Clapton was born in Ripley, Surrey, England, the son of 16-year-old Patricia Molly Clapton (
7 January 1929 – March 1999) and Edward Walter Fryer (
21 March 1920 –
15 May 1985), a 25-year-old soldier from Montreal, Quebec.
Fryer shipped off to war prior to Clapton's birth and then returned to
Canada. Clapton grew up with his grandmother, Rose, and her second
husband, Jack Clapp, who was stepfather to Patricia Clapton and her
brother Adrian, believing they were his parents and that his mother was
actually his older sister. The similarity in surnames gave rise to the
erroneous belief that Clapton's real surname is Clapp (Reginald Cecil
Clapton was the name of Rose's first husband, Eric Clapton's maternal
grandfather). Years later, his mother married another Canadian soldier and moved to Germany, leaving young Eric with his grandparents in Surrey.
Clapton received an acoustic Hoyer guitar,
made in Germany, for his thirteenth birthday, but the inexpensive
steel-stringed instrument was difficult to play and he briefly lost
interest. Two years later Clapton picked it up again and started playing consistently. Clapton was influenced by the blues from an early age, and practised long hours to learn the chords of blues music by playing along to the records. He preserved his practice sessions using his portable Grundig reel-to-reel tape recorder, listening to them over and over until he felt he'd got it right.

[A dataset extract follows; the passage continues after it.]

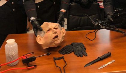 Quando l’uomo è stato fermato dai carabinieri era ancora nel giardino di casa, sul volto aveva la maschera dell’ex segretario di Rifondazione Comunista e al seguito aveva la balestra. In casa gli sono stati trovati dei coltelli, una fionda con biglie d’acciaio e dei coltelli, oltre a una divisa dell’Esercito Italiano sulla quale sono in corso degli accertamenti. Durante il tentativo di rocambolesca fuga ha quasi messo sotto con l’auto i carabinieri e per questo gli è stata contestata anche la resistenza a pubblico ufficiale.

In 1961, after leaving Hollyfield School in Surbiton, Clapton studied at the Kingston College of Art
but was dismissed at the end of the academic year because his focus
remained on music rather than art. His guitar playing was so advanced
that, by the age of 16, he was getting noticed. Around this time, Clapton began busking around Kingston, Richmond, and the West End. In 1962, Clapton started performing as a duo with fellow blues enthusiast David Brock in pubs around Surrey. When he was seventeen years old, Clapton joined his first band, an early British R&B group, the Roosters, whose other guitarist was Tom McGuinness. He stayed with this band from January until August 1963. In October of that year, Clapton did a seven-gig stint with Casey Jones & the Engineers.
In October 1963, Clapton joined the Yardbirds, a blues-influenced rock and roll band, and stayed with them until March 1965. Synthesising influences from Chicago blues and leading blues guitarists such as Buddy Guy, Freddie King, and B. B. King, Clapton forged a distinctive style and rapidly became one of the most talked-about guitarists in the British music scene. The band initially played Chess/Checker/Vee-Jay blues numbers and began to attract a large cult following when they took over the Rolling Stones' residency at the Crawdaddy Club in Richmond. They toured England with American bluesman Sonny Boy Williamson II; a joint LP album, recorded in December 1963, was issued in 1965.
In March 1965, Clapton and the Yardbirds had their first major hit, "For Your Love", written by songwriter Graham Gouldman, who also wrote hit songs for Herman's Hermits and the Hollies (and would later achieve success of his own as a member of 10cc).
In part because of its success, the Yardbirds elected to move toward a
pop-oriented sound, much to the annoyance of Clapton, who was devoted to
the blues and not commercial success. He left the Yardbirds on the day
that "For Your Love" went public, a move that left the band without its
lead guitarist and most accomplished member. Clapton suggested fellow
guitarist Jimmy Page to be his replacement, but Page declined out of loyalty to Clapton, putting Jeff Beck forward.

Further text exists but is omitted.